Next to the tree were several rose bushes. Dotting the green leaves, glistening with the remnants of last night's rain, were the largest red flowers he'd ever seen in full bloom.

Thinking of his parting question to his daughter, he whispered, "It's perfect!" And then he carefully plucked a dewy rose from its bed.

No sooner had he reached for the horse's reins than a man sprang up from behind the rose garden. He wore a dark jacket over his tunic and pants that all looked of the finest material. His thick mane of hair was mostly gray with subtle streaks of blond, and it flowed down to his shoulders. But his brown eyes were bloodshot and gleamed with fire; his mouth was curled into a snarl. His wide shoulders towered over the merchant, and his large hands reached out to him.

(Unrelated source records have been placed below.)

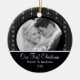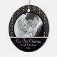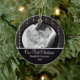 Notre premier ornement de Noël de photo comporte un bel arrière - plan rayé noir et blanc avec une bande noire ! Personnalisez avec votre information et date et vous sont tous placent pour aller ! Cadeau daté merveilleux de souvenir pour votre premier Noël et une grande addition à vous collection d'ornement de Noël.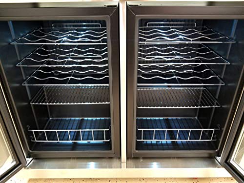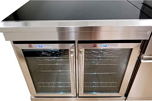 Refrigerator/Wine Cooler Section: 53.5" W (with Side Table) or 37.5" Wide x 25" Deep x 35.5" Tall (Double Wine Cooler / Refrigerator 65L Size x 2, holds ~50+ 750ml Wine Bottles). Sink Section: 49.25" W (with Side Table) or 33.5" W (without Side Table) x 28" D x 35.5" Countertop H or 52" H to top of faucet. Ships LTL Freight with curbside delivery via lift gate or dock unload.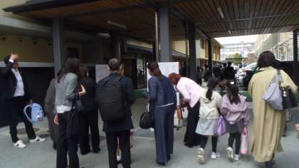 薄曇りのもと入学式が実施されました。家の方と一緒に新1年生が小学校の門をくぐり、受付場所に進んでいきました。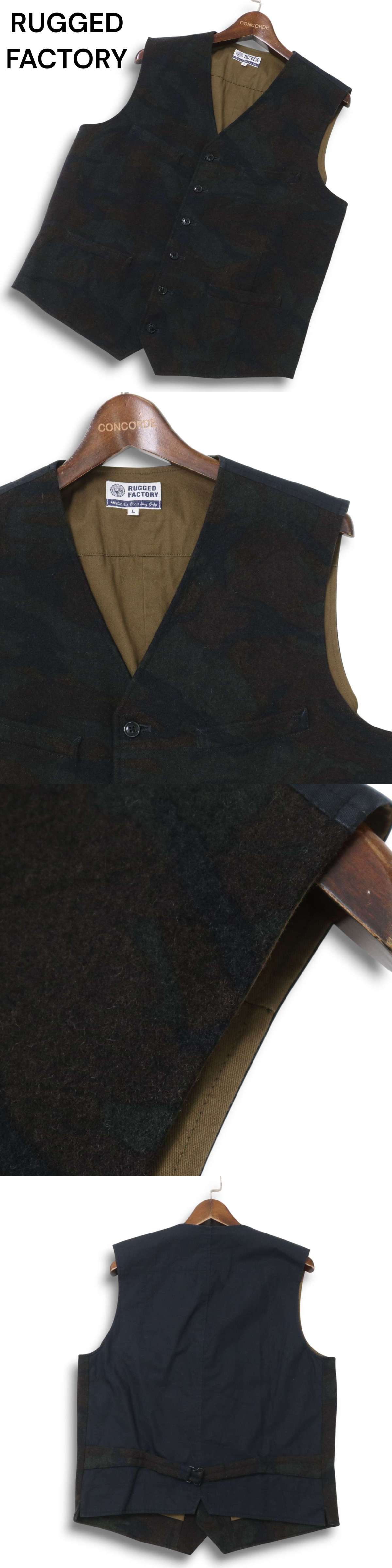 RUGGED FACTORY ラギッドファクトリー 秋冬 ウール★ カモフラ 迷彩 切替 ベスト ジレ Sz.L メンズ 收藏

"Ungrateful man! I gave you shelter, fed you from my table, and gave you a bed to sleep in! But now all the thanks I get is the theft of my favorite flowers!"

"Forgive me! Please, do not kill me! I'll do anything you say! The rose wasn't for me but for my daughter, Kristiana. I wanted to bring her a special present from my journey."

"I care not why you stole from me." The man whistled, and two large dogs, drooling and growling, appeared from around the side of the castle. "I shall put you to death for this slight!"

Trembling with fear, the merchant fell on his knees before the beast of a man. "Those dogs! They were your dogs?"

"What nonsense do you speak, thief?"

"Your dogs killed my wife!" The merchant wanted to scream in anger, but his voice barely came out as a raspy whisper. "They attacked her in our garden. Thankfully, our only child was gone and did not witness it. I returned too late to save my wife, but I saw the dogs before they disappeared into the woods again. All these years..."

The man dropped the paw of a hand he had clamped on the distraught merchant, but his voice remained a deep growl. "I shall spare your life, but on one condition. Bring me your daughter! I will not harm her, but she will remain a servant in my castle."

The merchant's heart leapt with joy at his own fortune. But then he felt his stomach twist with terror. He'd have to trade his life for his daughter's! They would both still be alive, but... No, she would never forgive him for leaving her alone in the world if he did not obey.

With his head hung low, the merchant nodded. "So be it. I will send my daughter to you."

"Take the rose. Have her bring it back so that I know it is her. Follow the path south until you get to a clearing, and then head west. This will lead you home." And then the beast of a man disappeared around the side of the castle with the dogs.

The journey home seemed shorter than he'd expected. After settling the horse in the barn, he trudged up to the house, his shoulders heavy.

Kristiana rushed out to meet him. "Father! Where have you been? I've been so worried!"

He fell into his daughter's arms, holding her to him, trying to remember how his grown little girl felt one last time. Then he ushered her into the house and proceeded to tell her of the events of the previous night and this morning.

When he'd finished, he reached into the pocket of his jacket and pulled out the rose.

"I'd do anything for you!" Kristiana hugged her father. "Don't worry, you'll be able to keep your promise. I will be fine. We will both return to the castle once you have rested."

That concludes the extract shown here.